商品が盗まれたとき「盗難損」として計上する必要なし

 確定申告では、災害・盗難・横領などで損害が出た場合の救済措置として、それに応じた金額が控除される「雑損控除」があります。しかし、その対象は、家具、衣類など生活に必要なものとされているため、販売用の商品が盗難にあった場合は対象にはなりません。
 商品の盗難にあった場合、その損害額は必要経費となりますが「商品盗難損」などとして計上するわけではありません。盗まれた商品については、年末の棚卸のときには在庫がその分だけ減るため、結果として売上原価がその商品の仕入分だけ上がることになるのです。
 なお、個人商店で損害保険に加入している場合に商品の盗難により保険金を受けたときには、事業所得の収入金額に算入することになります。



会社設立前の売上を設立後の売上として計上できる

 会社を創る場合、ある程度の売り込み先を確保したうえで設立するケースが見られるため、会社設立前(会社の登記前)に「売上」が発生してしまうことがあります。この会社設立前の「売上」を税務上はどのように処理するのでしょうか?
 原則として、会社設立前の損益については、設立登記前の組織体が個人事業者ならば「個人の損益」、団体としての実態があるならば人格のない社団等の損益として処理をします。
 ただし、損益が発生している期間が短い場合は、国税当局が「その間の取引を会社と区分して計算し、申告するのは手数のかかること。
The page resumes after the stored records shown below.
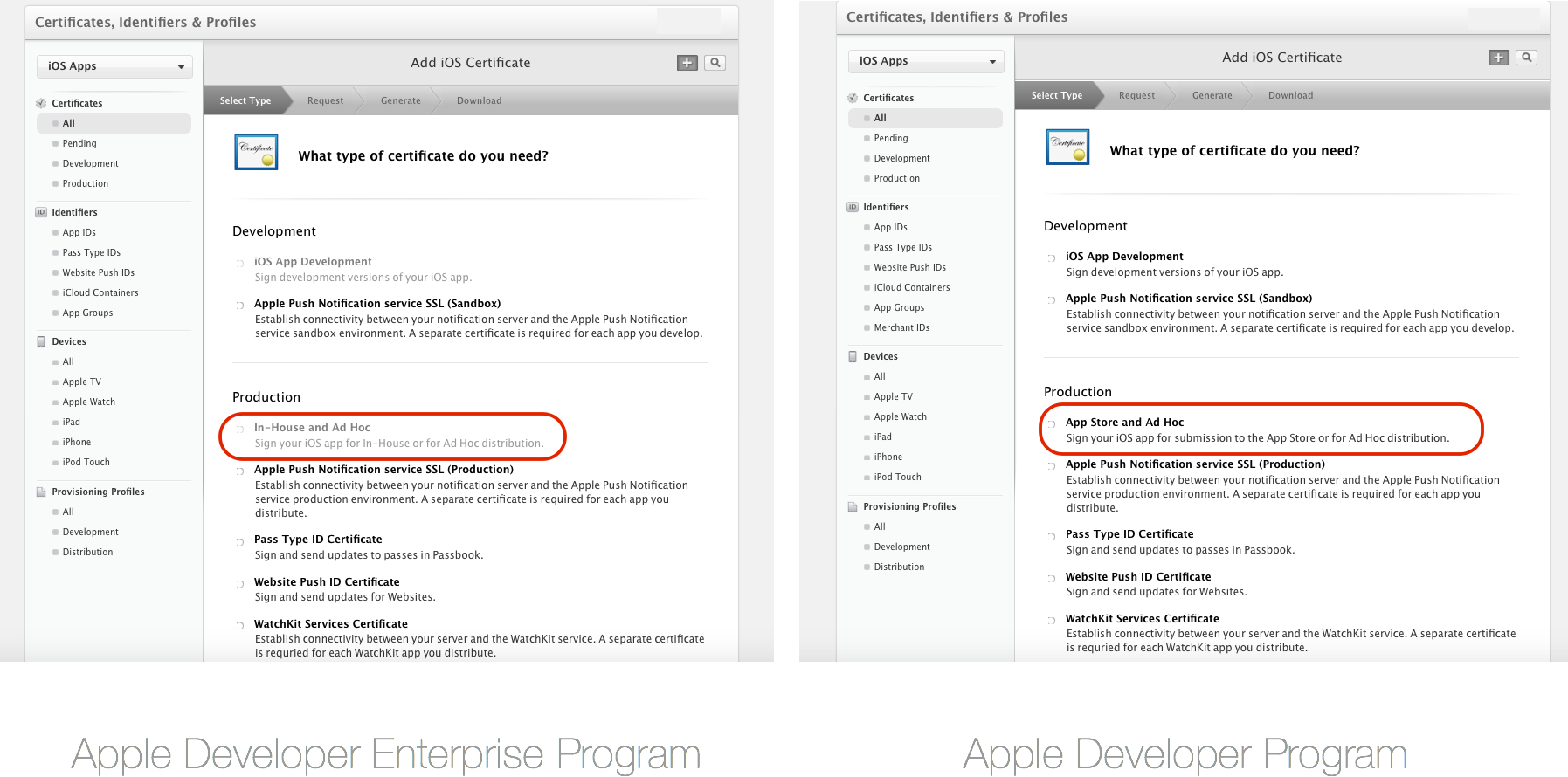 La distribución ad hoc tiene la ventaja de que no requiere aprobación de App Store y puede instalarse de forma remota desde un servidor web o a través de iTunes. Pero está limitada a 100 dispositivos por año de suscripción, tanto para el desarrollo como para la distribución, y deben agregarse manualmente por su UDID en el Centro de usuarios registrados. Para obtener más información sobre cómo agregar dispositivos, visite la guía Device Provisioning (Aprovisionamiento de dispositivos).
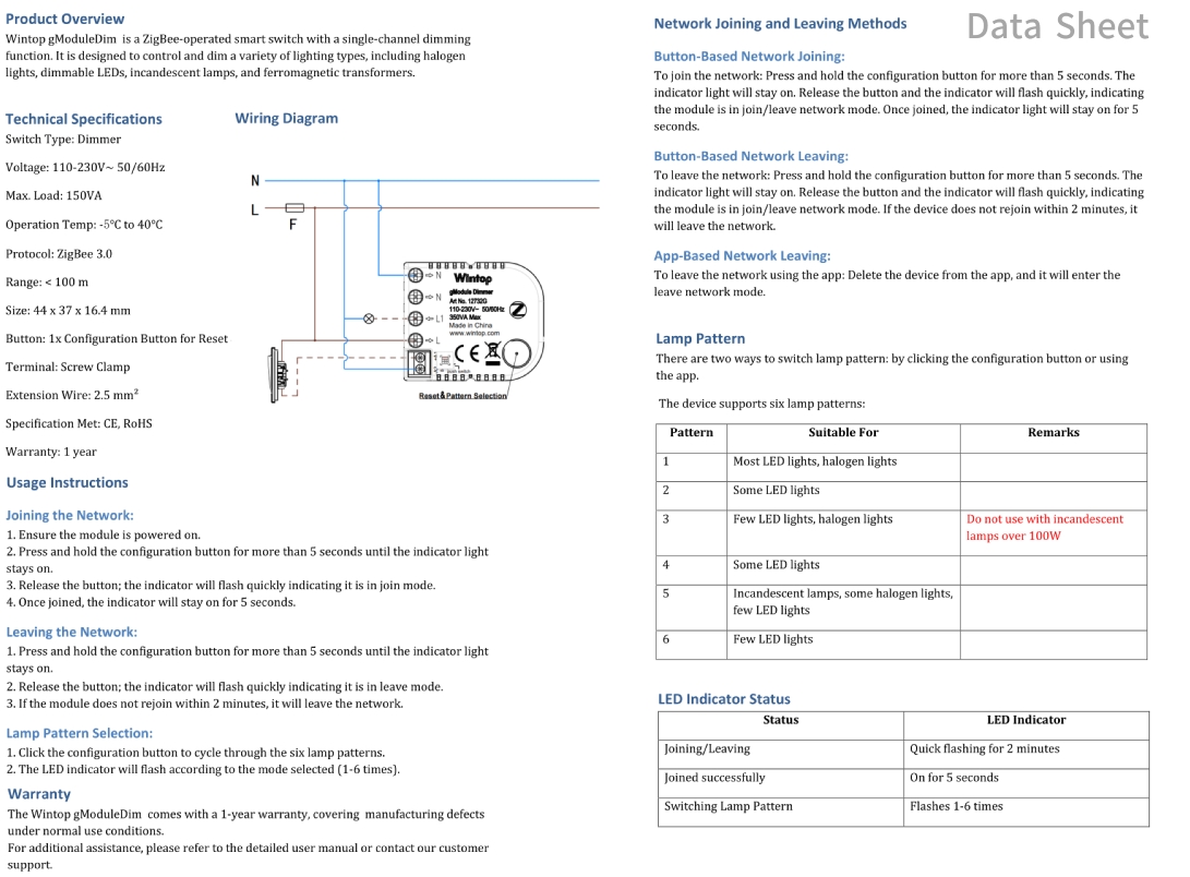 Function Features [Functions] Dimmer [Power Supply] L/N [Wire Connection] DIY Quick [最大负载] 150VA [Operating Voltage] 110-230V~ 50/60Hz [Rated Current] 10A Installation Benefits [Size] 44*37*16.4 mm
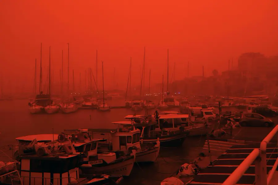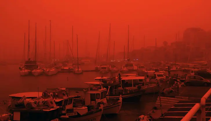 Вълната от африкански прах, пренасяна от мощния циклон "Ерминио", предизвика сериозни смущения във въздушния и морски трафик на гръцкия остров Крит. Явлението драстично намали видимостта до под 1000 метра, принуждавайки властите да пренасочат ключови пътнически самолети и да спрат движението на фериботите, съобщава гръцкото издание "Катимерини".
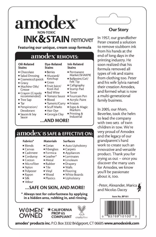 In 1957, our grandfather peter created a solution to remove stubborn ink from his hands at the end of long days in the printing industry. He soon realized that his formula removed all types of ink and stains from clothing, too. Peter and his wife Sylvia named their creation Amodex, and formed what is now a multi-generational family business. In 2005, our mom, Beverlee, took the helm to lead the company with two sets of twin children in tow. We’re very proud of Amodex and the legacy of our grandparent’s hard work to create such an innovative and versatile product. Thank you for trying us out – once you discover the many uses for Amodex, we know you’ll be passionate about it, too.
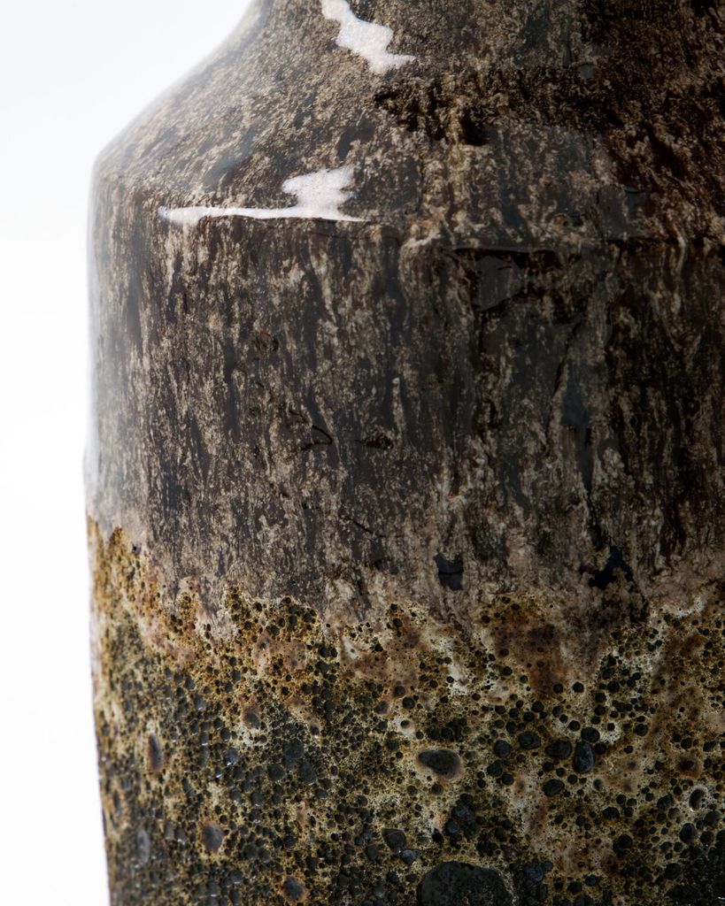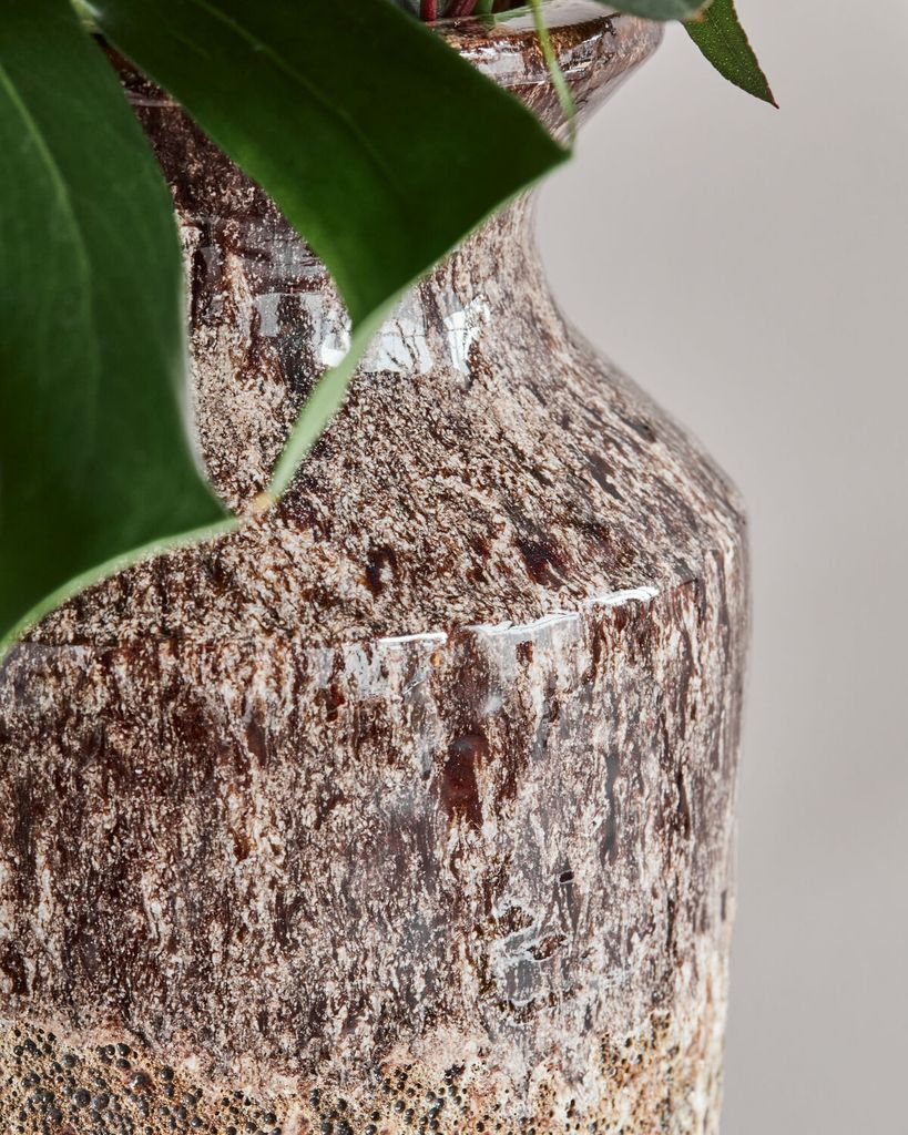 Handgjord vas i antikbrun stengods med unik glasyr. Varje exemplar är en konstnärlig skapelse.

また、そのような短い期間の取引金額は、通常さほど大きくはないので、個人事業者の法人成りの場合を除いて設立第1期の事業年度の損益に含めて申告しても構わない」としています。


5,000円以下の飲食費は交際費?

 18年度税制改正で、お客様との飲食費について、1人当たり5,000円以下であれば、一切税務上の交際費として課税されないことになる予定です(適用期間は、平成18年4月1日から平成20年3月31日)。
 現在は、会議に関連して通常要する費用の範囲であれば、会議費として全額損金計上できます。具体的な金額については、規定されていませんが、概ね3000円程度(1人当たり)であれば、交際費として課税されないとされています。


カゼの予防接種代は医療費控除できない?

 寒さが増す毎日で、カゼ、特にインフルエンザには気をつけたいものです。最近は予防接種を受けられる方も多いと思われますが、予防接種費用は健康保険の対象とならないため、家族全員ともなれば結構な支出を伴います。
 となれば当然のことながら”医療費控除できるのでは?”と考えてしまうのですが、残念なことに、こうしたインフルエンザの予防接種等の”自分の意思による病気予防”を目的とするものは、”病気の治療目的”ではないため医療費控除の対象となりません。
 ただし、カゼの予防接種以外のもので、医師の診療により病気の治療に必要とされた場合には医療費の対象となるものもあります(医師の診断書等が必要です)。